Input material →
☆ ☆ ☆ ☆ ☆ ☆ ☆

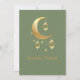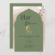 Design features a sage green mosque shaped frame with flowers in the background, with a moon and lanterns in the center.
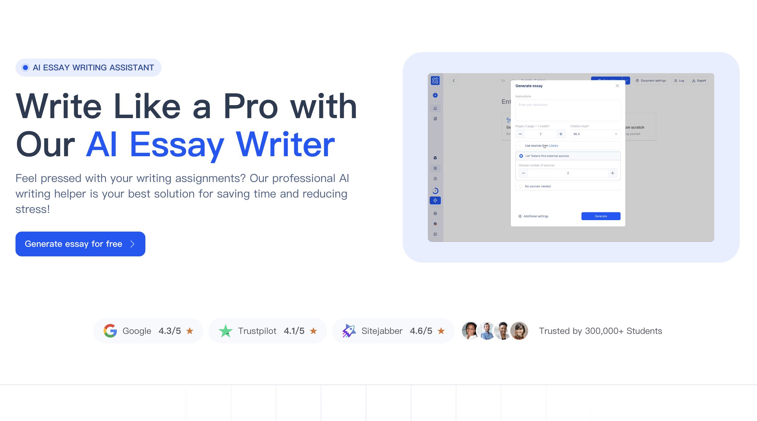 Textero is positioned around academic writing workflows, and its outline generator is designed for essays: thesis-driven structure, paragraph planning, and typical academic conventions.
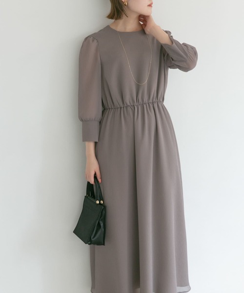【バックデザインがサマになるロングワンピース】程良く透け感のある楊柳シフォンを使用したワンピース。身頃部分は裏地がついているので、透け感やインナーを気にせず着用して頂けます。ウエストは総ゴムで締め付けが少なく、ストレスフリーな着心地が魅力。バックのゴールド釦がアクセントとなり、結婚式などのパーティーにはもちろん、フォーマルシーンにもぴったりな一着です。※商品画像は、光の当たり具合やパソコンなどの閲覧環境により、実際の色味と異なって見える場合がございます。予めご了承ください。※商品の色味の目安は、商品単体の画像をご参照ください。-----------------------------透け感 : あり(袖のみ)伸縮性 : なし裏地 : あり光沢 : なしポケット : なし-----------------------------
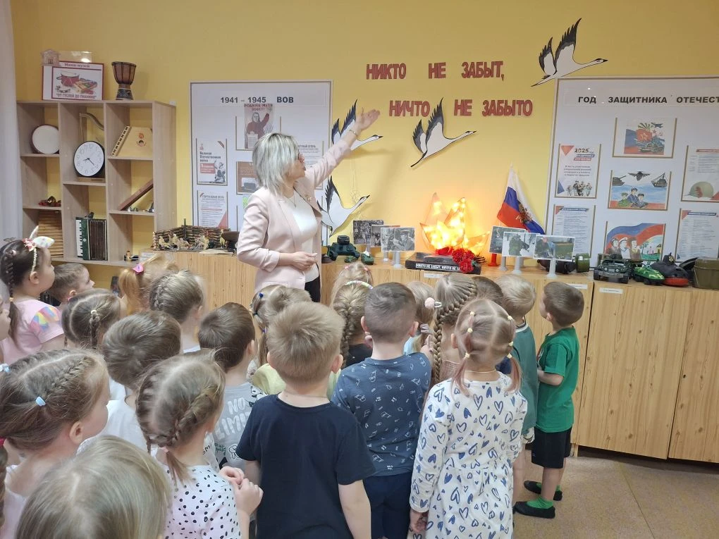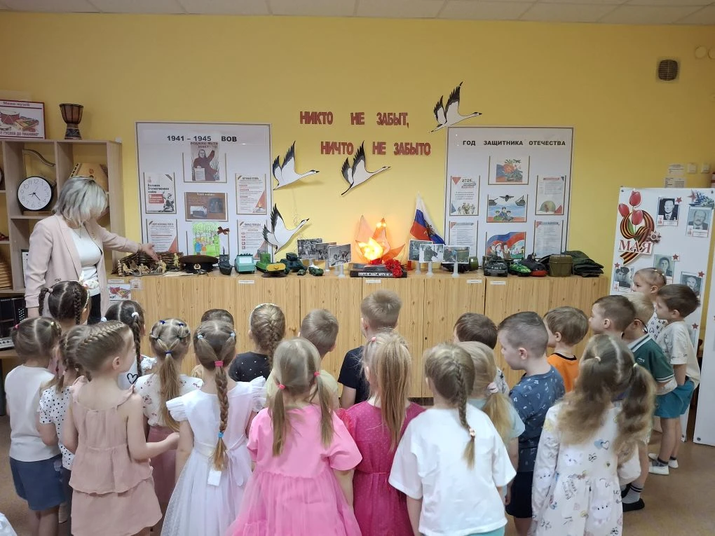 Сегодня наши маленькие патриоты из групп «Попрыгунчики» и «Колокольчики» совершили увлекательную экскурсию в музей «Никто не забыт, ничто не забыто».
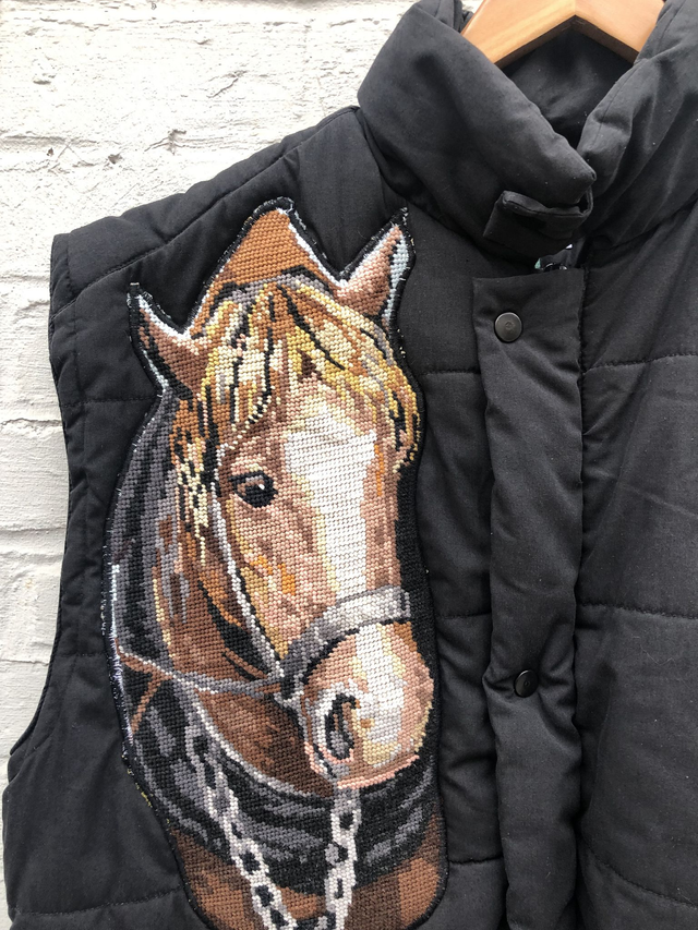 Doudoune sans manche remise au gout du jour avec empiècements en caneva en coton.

☆ ☆ ☆ ☆ ☆ ☆ ☆

Brief →
Images are to be left out; everything else in the material must be written out exactly.

Expected output →
 Design features a sage green mosque shaped frame with flowers in the background, with a moon and lanterns in the center.
 Textero is positioned around academic writing workflows, and its outline generator is designed for essays: thesis-driven structure, paragraph planning, and typical academic conventions.
【バックデザインがサマになるロングワンピース】程良く透け感のある楊柳シフォンを使用したワンピース。身頃部分は裏地がついているので、透け感やインナーを気にせず着用して頂けます。ウエストは総ゴムで締め付けが少なく、ストレスフリーな着心地が魅力。バックのゴールド釦がアクセントとなり、結婚式などのパーティーにはもちろん、フォーマルシーンにもぴったりな一着です。※商品画像は、光の当たり具合やパソコンなどの閲覧環境により、実際の色味と異なって見える場合がございます。予めご了承ください。※商品の色味の目安は、商品単体の画像をご参照ください。-----------------------------透け感 : あり(袖のみ)伸縮性 : なし裏地 : あり光沢 : なしポケット : なし-----------------------------
 Сегодня наши маленькие патриоты из групп «Попрыгунчики» и «Колокольчики» совершили увлекательную экскурсию в музей «Никто не забыт, ничто не забыто».
 Doudoune sans manche remise au gout du jour avec empiècements en caneva en coton.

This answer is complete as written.